Enchiladas Suizas
This cheesy, creamy dish originated at a Sanborns cafe in Mexico City in 1950. Its name, "Swiss enchiladas," alludes to its copious use of dairy.
Ingredients
- 3 cups shredded chicken (like Costco Rotisserie)
- 2 lbs seedless tomatillos (green tomato)
- 2 serrano chiles seeded
- 2 poblano chiles peeled, seeded and toasted over heat
- 1 cup of Mexican crema or sour cream
- 1 cup shredded Oaxaca cheese (or mozzarella)
- 1 cup of boiling water
- 3 cloves of garlic chopped
- 8 tortillas
- Oil
- Chopped cilantro to taste
- Salt to taste
- Black pepper to taste
Instructions
- On a baking sheet, place the tomatoes and serrano peppers and bake for 10 minutes, until well charred on both sides (without overcooking).
- Let cool and peel to remove the skin.
- Blend the cream, garlic, cilantro, poblanos and boiling water, season with salt and pepper. Until it has the consistency it is like a puree and set aside.
- In a frying pan over medium-high heat, heat oil and fry the tortillas one by one. As they are ready, transfer them to a plate and fill each one with chicken.
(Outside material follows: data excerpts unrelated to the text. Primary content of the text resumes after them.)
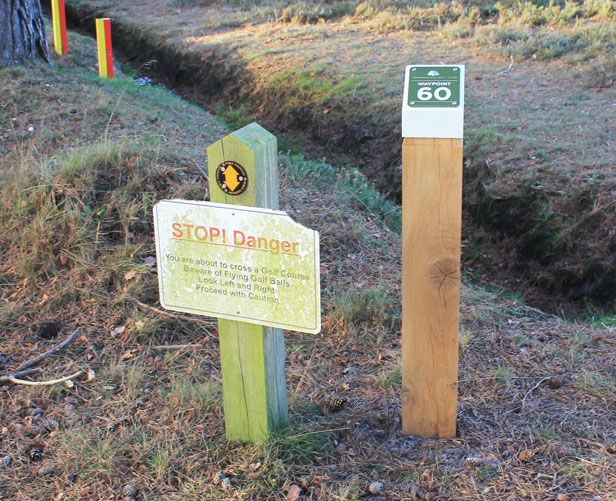 The footpath here crosses multiple golf fairways. Travelling north, the golfers will be hitting from your right. Going south, the first fairway has balls coming from the right, and the second has balls coming from the left. Please take maximum care in this area.
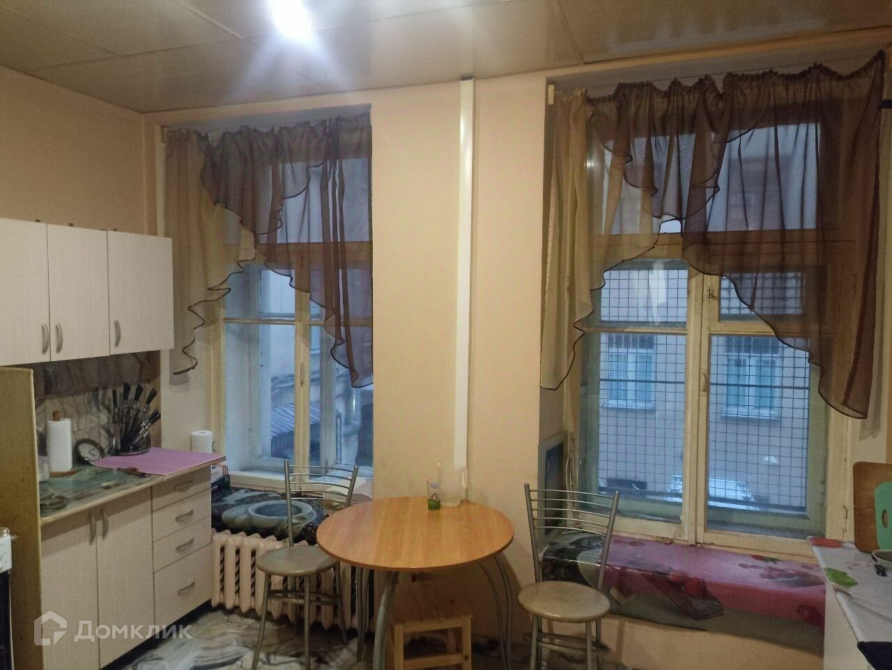 В больших комнатах и на кухне по 2 окна. Окна из комнат выходят на 4-ю Красноармейскую ул., окна кухни  во двор.
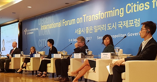 지난 9월 5일 오후 서울 을지로 롯데호텔 사파이어볼룸에서 열린 서울시 좋은 일자리 도시국제포럼 두 번째 세션 ‘좋은 일자리 도시-사회적 보호와 일터의 권리’란 의제에 대해 장지연 한국노동연구원 선임 연구위원의 사회로 국·내외 전문가들이 주제발표를 했다.
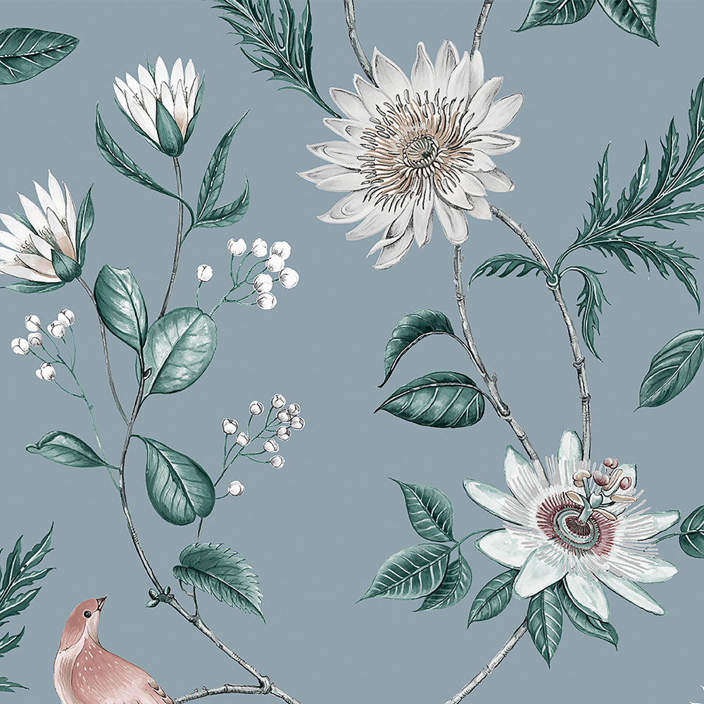 Luxusní vliesová tapeta s exotickými květinami v jemných pastelových barvách na světle šedém podkladu.
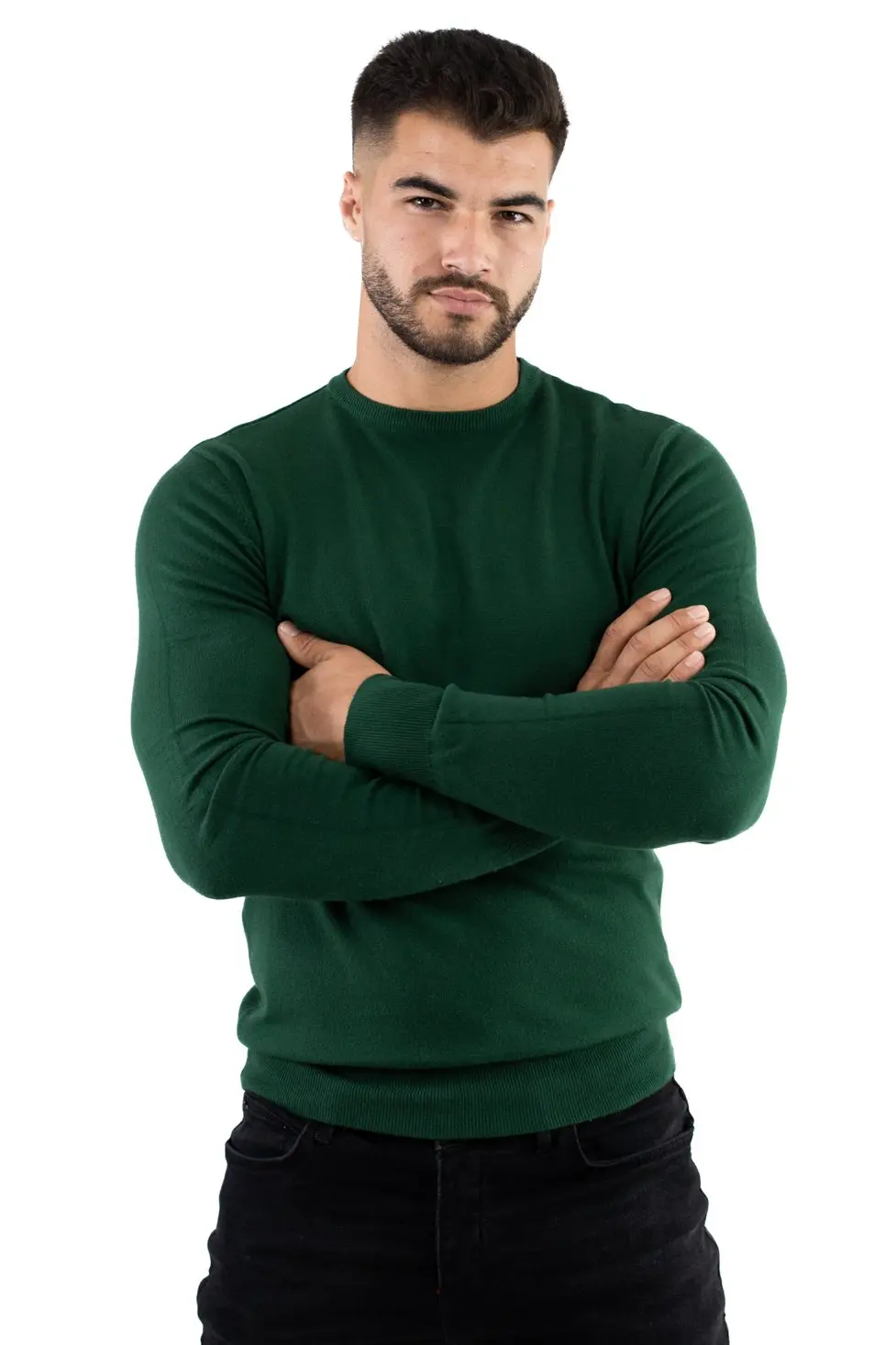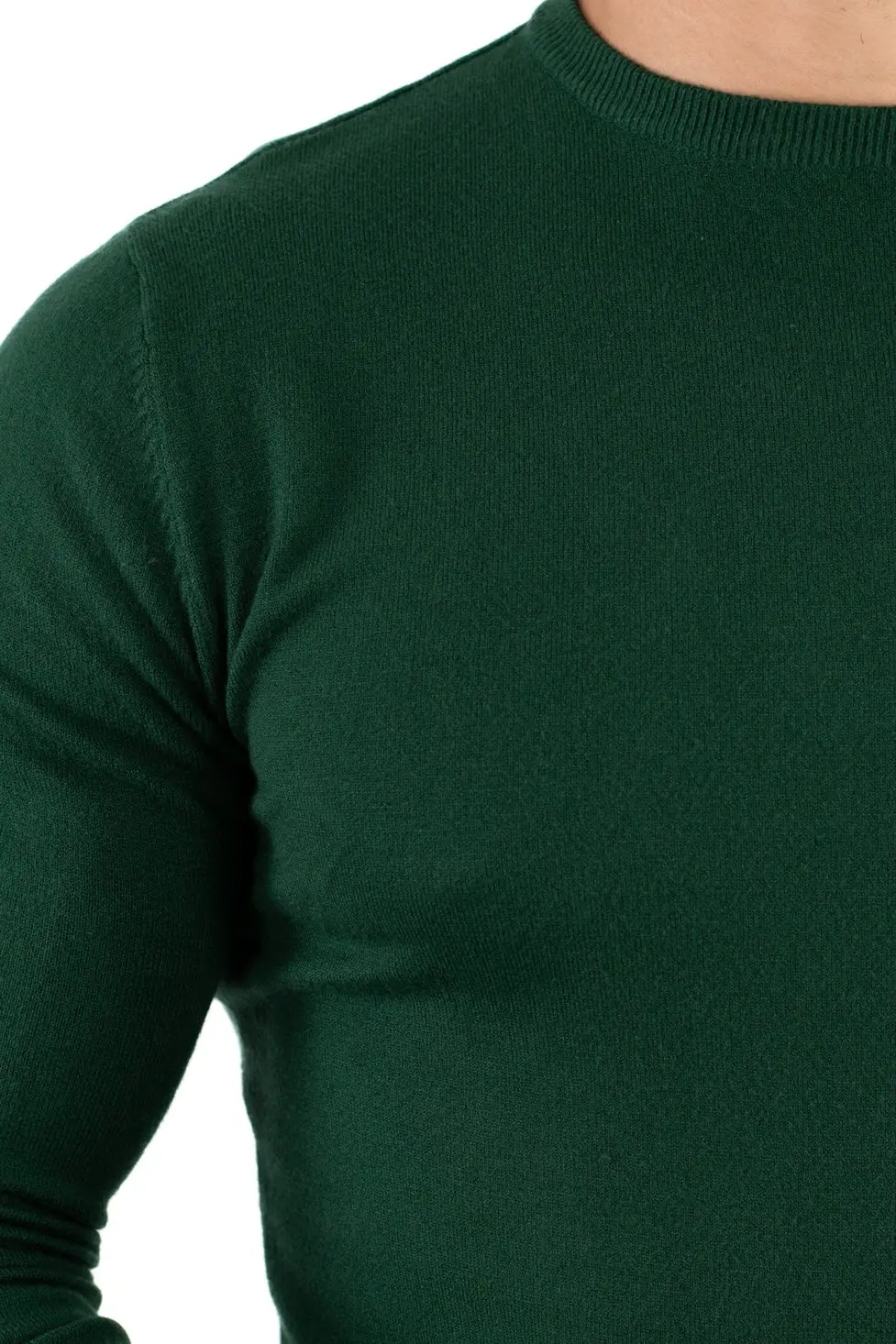 Pulover simplu cu croială slim fit. Guler rotund. Culoare verde. Mânecă lungă. Material foarte fin la atingere, tip cașmir. Foarte confortabil datorita elasticitatii.

- In a tray, place a little sauce on the bottom. Then on top of them, the enchiladas with the edges facing down (this way they don't open), in a row.
- Cover with the rest of the sauce and top with the cheese.
- Bake at 375°F for approximately 25 minutes or until the sauce begins to bubble and the cheese melts.
- Take the Sanborns-type Swiss enchiladas out of the oven and let them cool a little, serve with more sauce and a splash of cream.
Video
Notes
Expert Tips for Making Enchiladas: A Basic Guide:
With a variety of flavors and variations, mastering the art of making enchiladas can elevate your culinary skills to a masterpiece.
- Choose the right tortillas: Choose soft corn tortillas that can be rolled easily without breaking. Warm them slightly before assembling to improve their flexibility.
- Create a tasty filling: From traditional shredded chicken to seasoned beans, the options are endless. Experiment with different ingredients to create a flavor that suits your palate.
- Master the sauce: The sauce you choose can make or break your enchiladas. Whether you prefer bright red sauces or spicy green ones, be sure to achieve a balanced flavor.
- Roll with precision: Enchiladas require skill, so place the filling on one end of the tortilla and then carefully fold it, ensuring a snug fit. Place the fold side down in the baking dish to prevent unrolling.
- Layer: Place a thin layer of sauce on the bottom of the baking dish before arranging the rolled enchiladas. Drizzle more sauce over the top to evenly distribute the flavor.
- Take advantage of the cheese: choose a cheese that enhances the flavor of the enchiladas, opt for varieties such as queso fresco, cotija or a melted cheese like Monterey Jack. Sprinkle it on top before baking for a rich, creamy finish.